◆ **ACTIVITY**
Exactly the lines below from the line with "귀여운 크롭기장이라 하이웨스트 팬츠와" through the line with "袖の程よい透け感で上品な印象に レースハイウエスト切替えマーメイドワンピース" must make up the answer, both ends included and pictures left out.

◆ **THE RECORDS**
☆ ☆ ☆ ☆ ☆ ☆ ☆

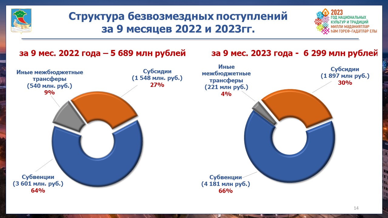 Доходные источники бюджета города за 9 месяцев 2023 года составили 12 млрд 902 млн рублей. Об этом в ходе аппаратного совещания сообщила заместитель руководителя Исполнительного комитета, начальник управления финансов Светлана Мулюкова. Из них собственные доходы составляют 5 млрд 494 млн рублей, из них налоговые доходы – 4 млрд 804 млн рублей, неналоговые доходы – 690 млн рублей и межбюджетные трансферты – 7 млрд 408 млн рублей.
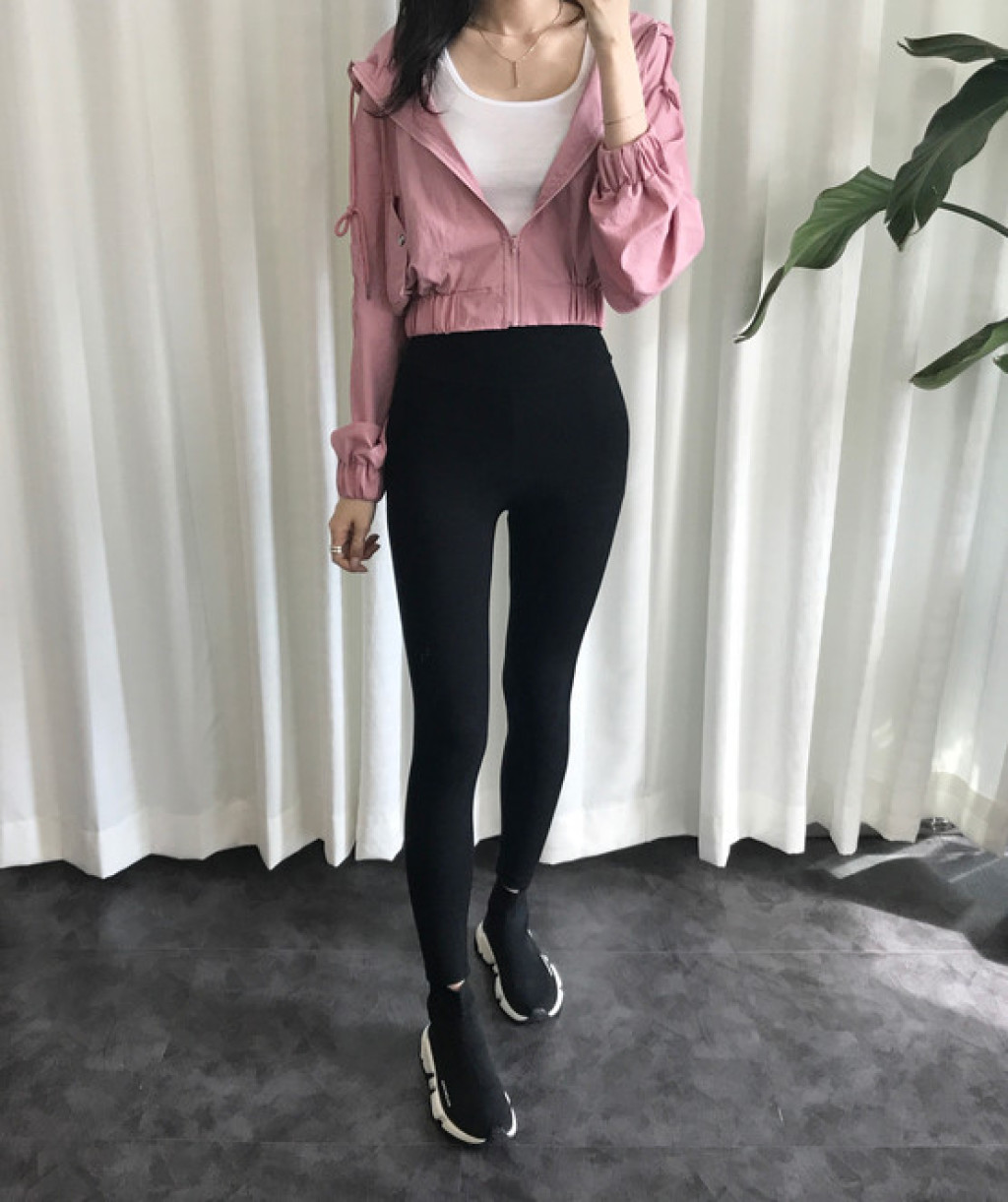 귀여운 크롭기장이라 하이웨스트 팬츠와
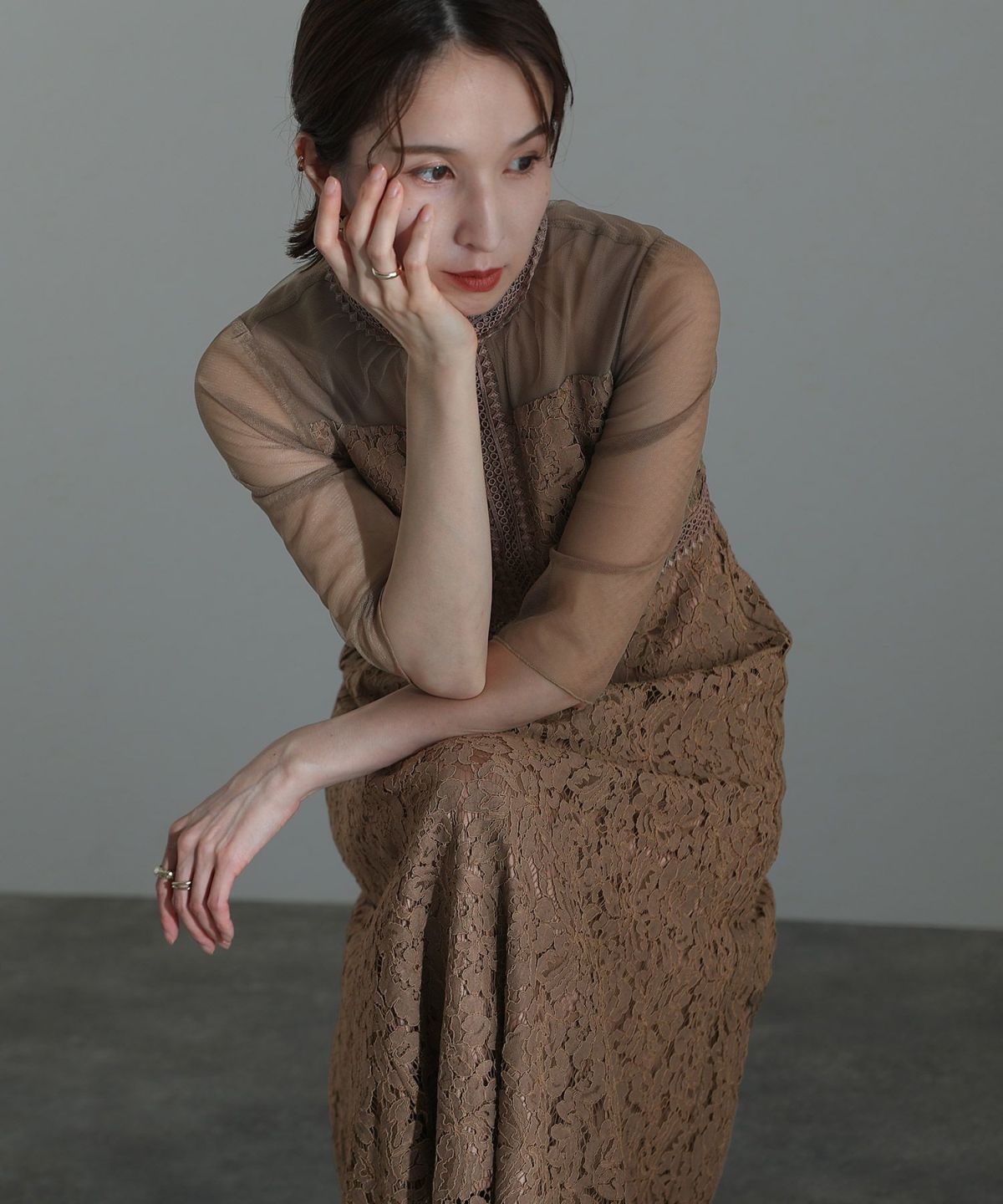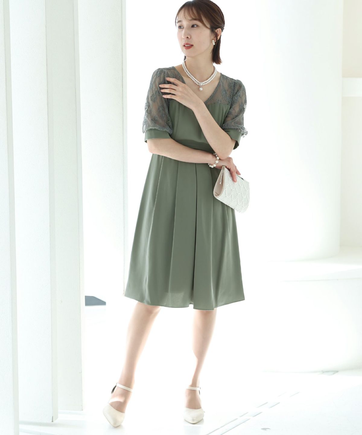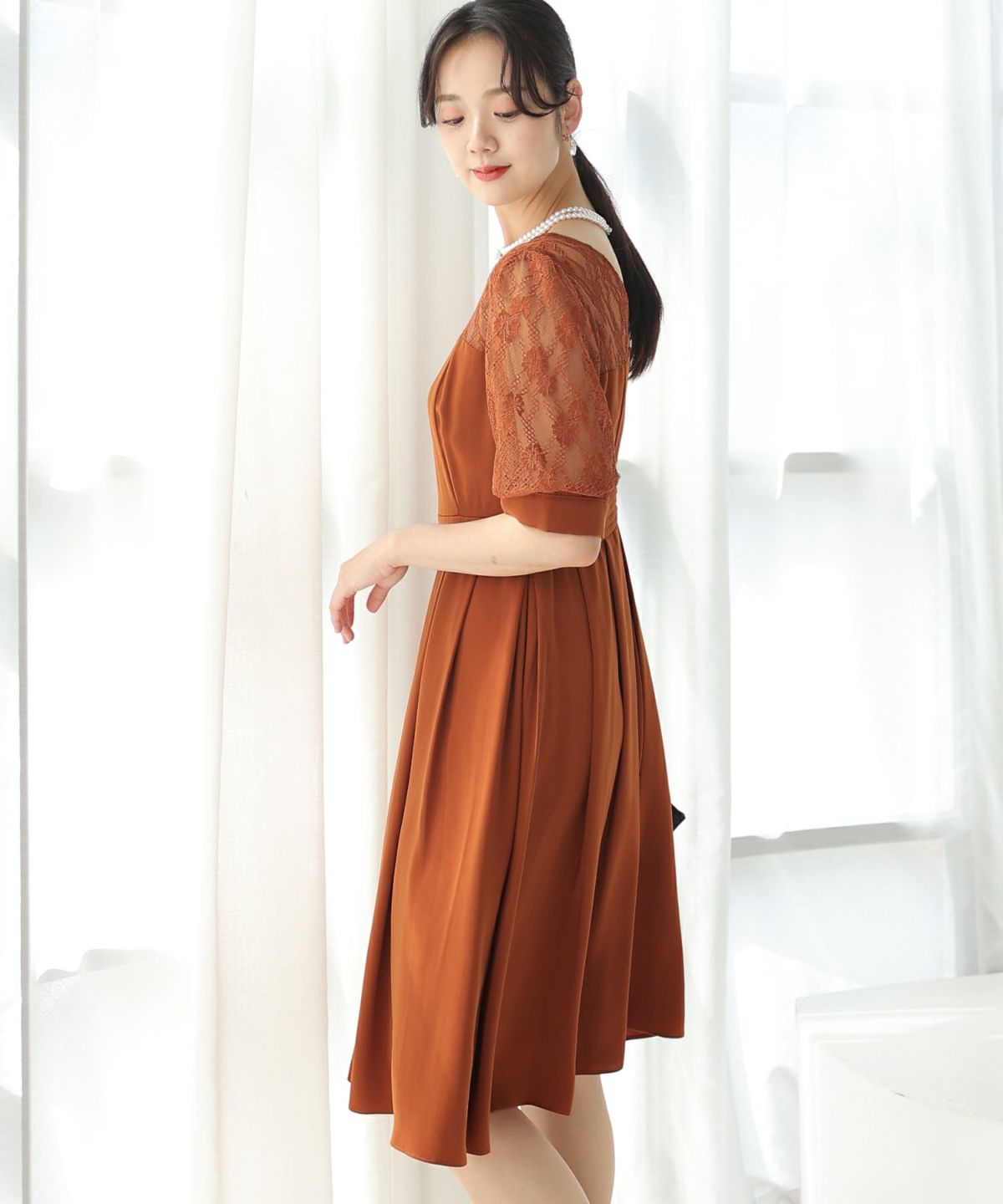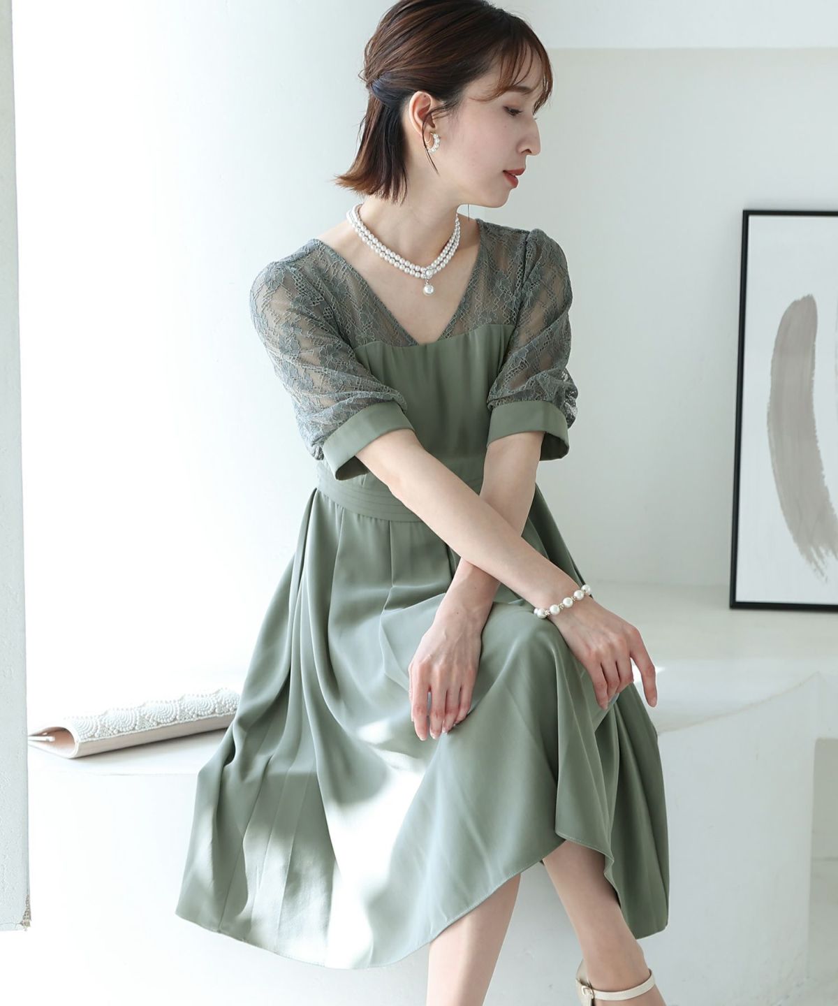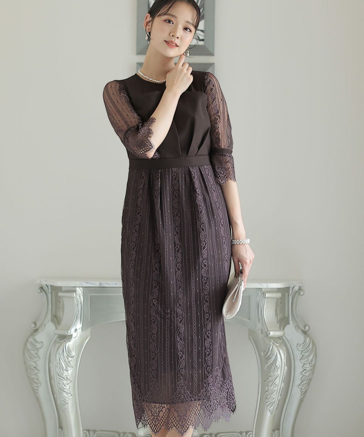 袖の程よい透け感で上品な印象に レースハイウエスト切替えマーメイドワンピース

☆ ☆ ☆ ☆ ☆ ☆ ☆

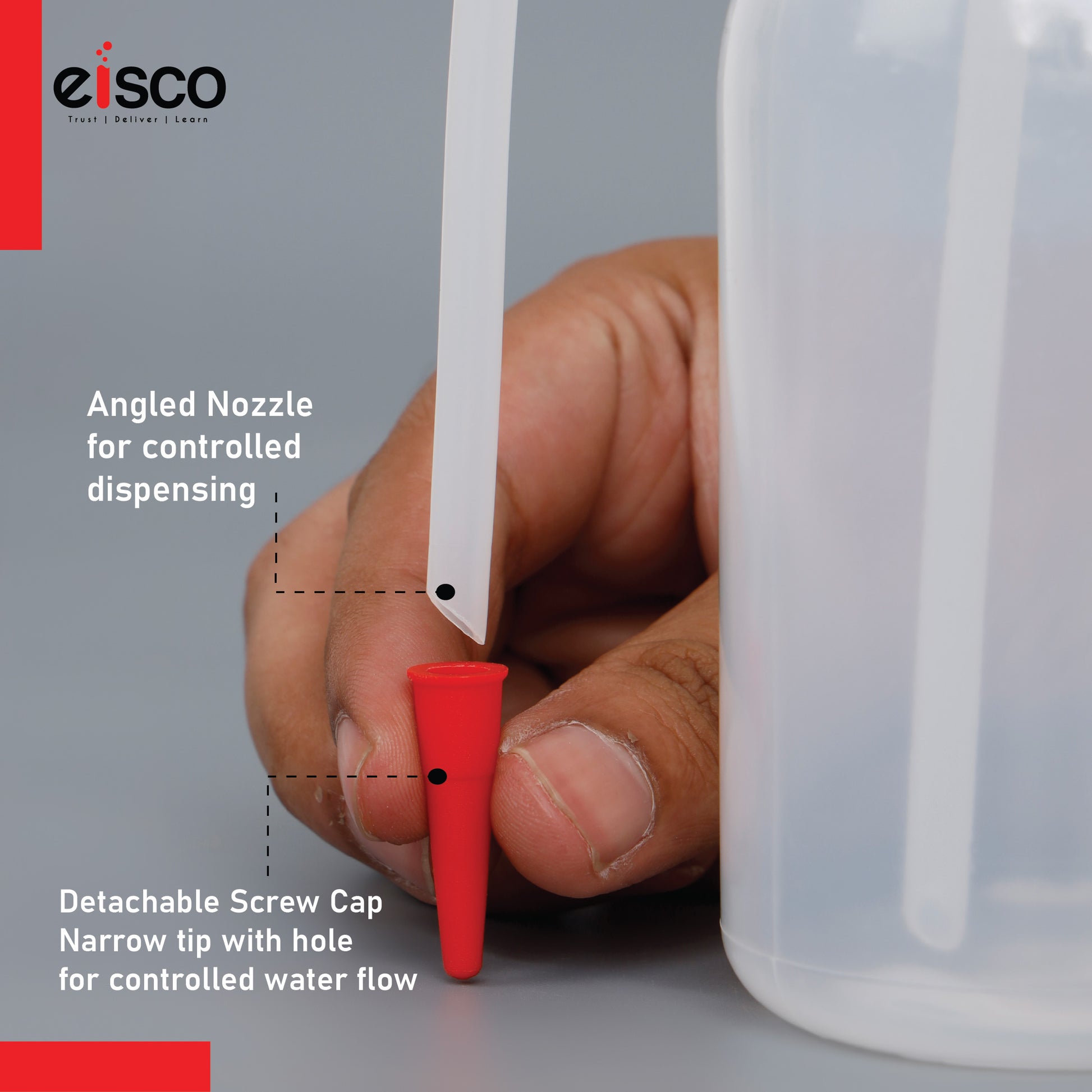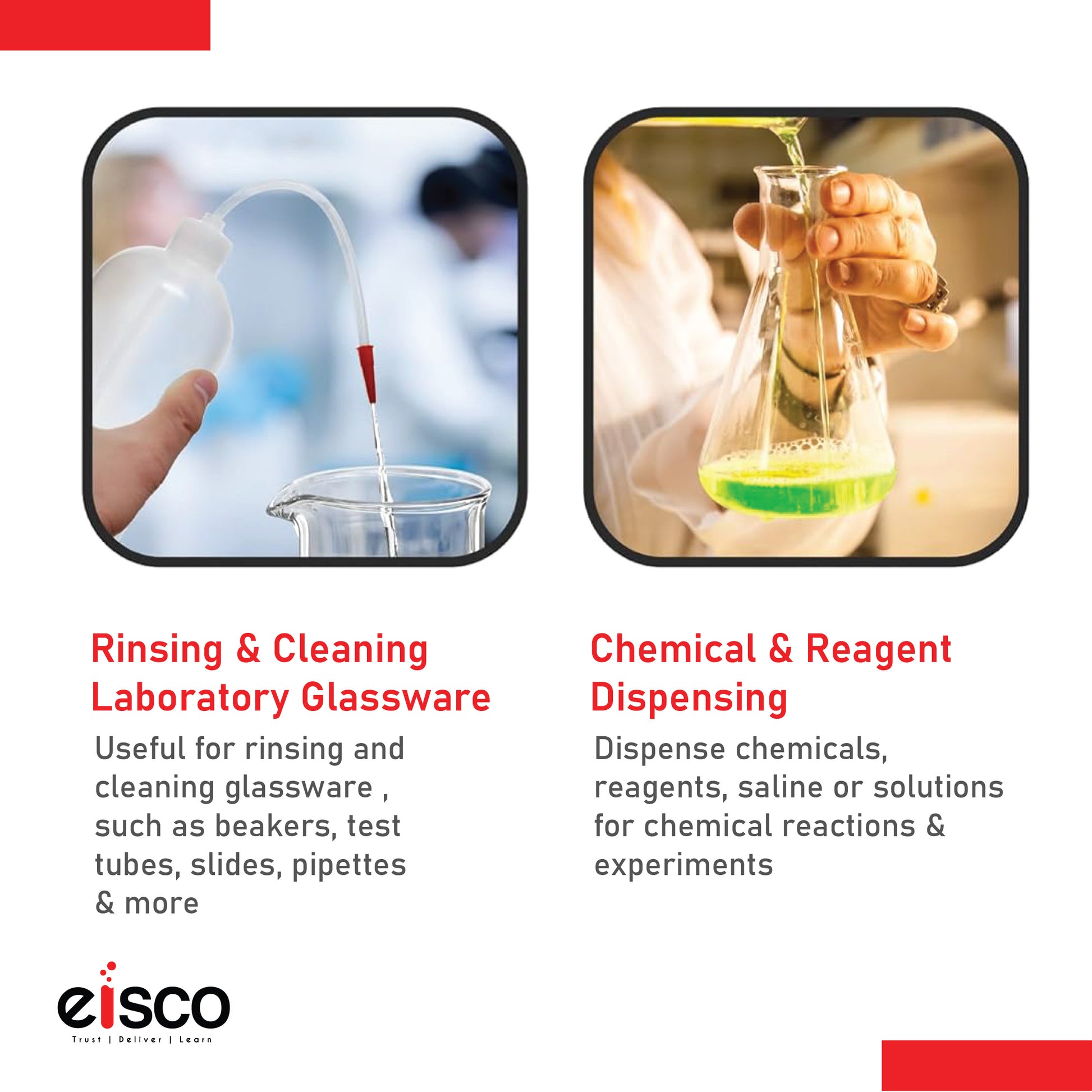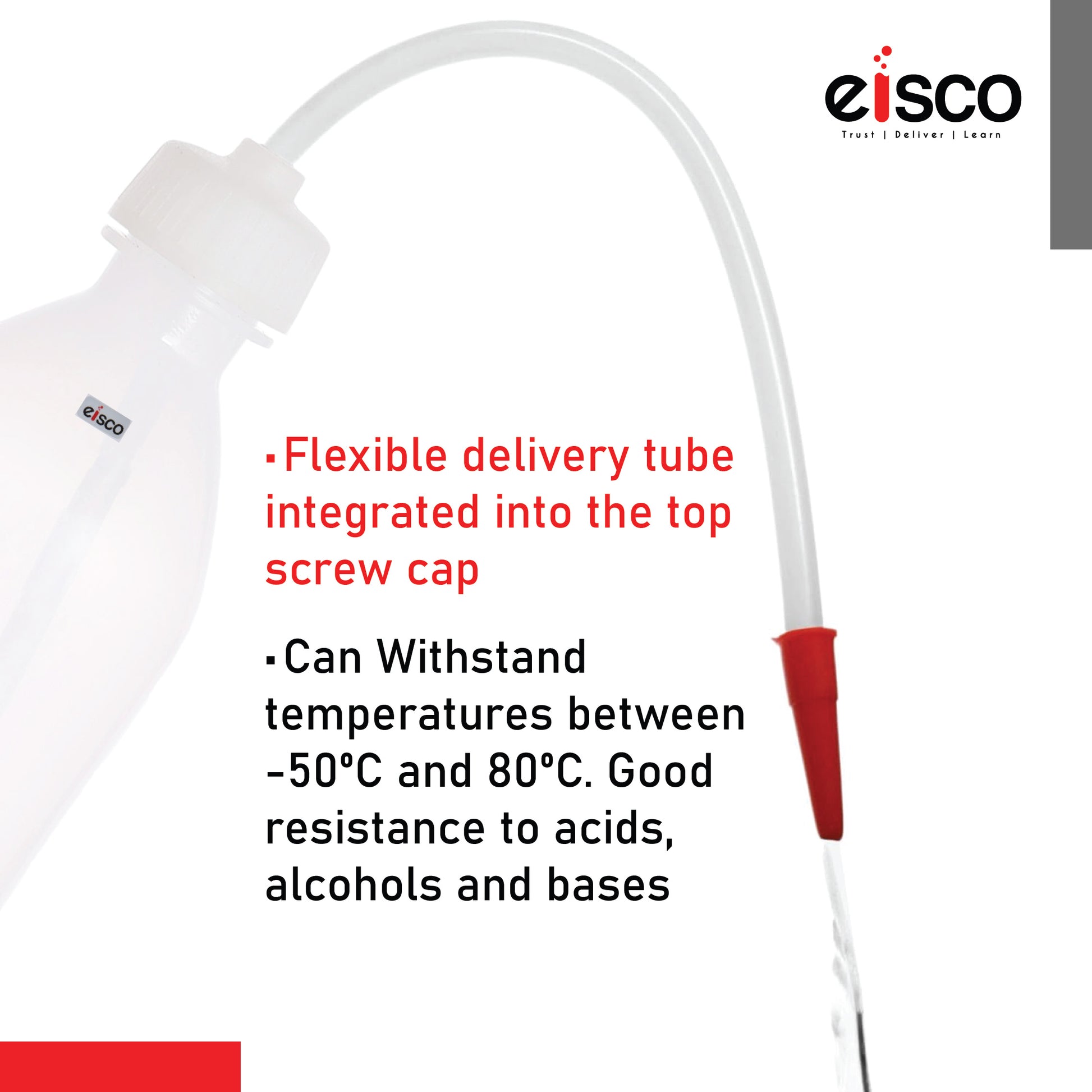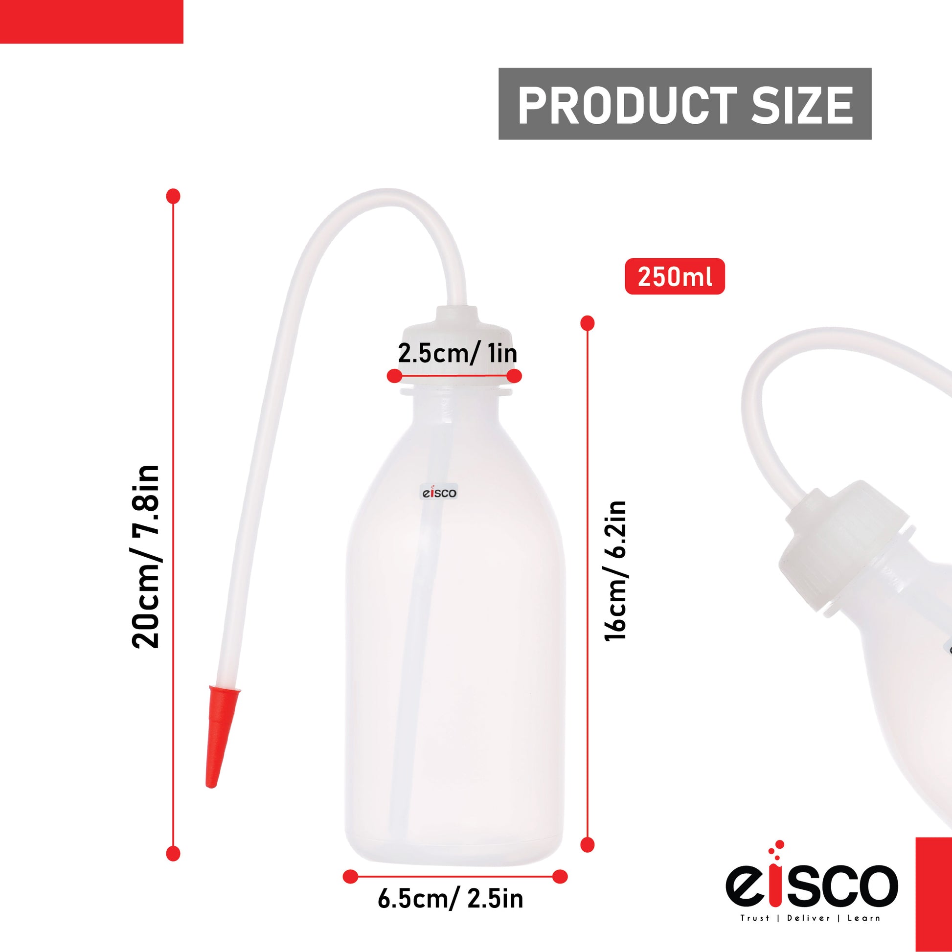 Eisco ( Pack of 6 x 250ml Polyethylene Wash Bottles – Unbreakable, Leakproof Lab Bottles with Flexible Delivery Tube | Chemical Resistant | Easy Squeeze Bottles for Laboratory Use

☆ ☆ ☆ ☆ ☆ ☆ ☆

◆ **SOLUTION**
 귀여운 크롭기장이라 하이웨스트 팬츠와
 袖の程よい透け感で上品な印象に レースハイウエスト切替えマーメイドワンピース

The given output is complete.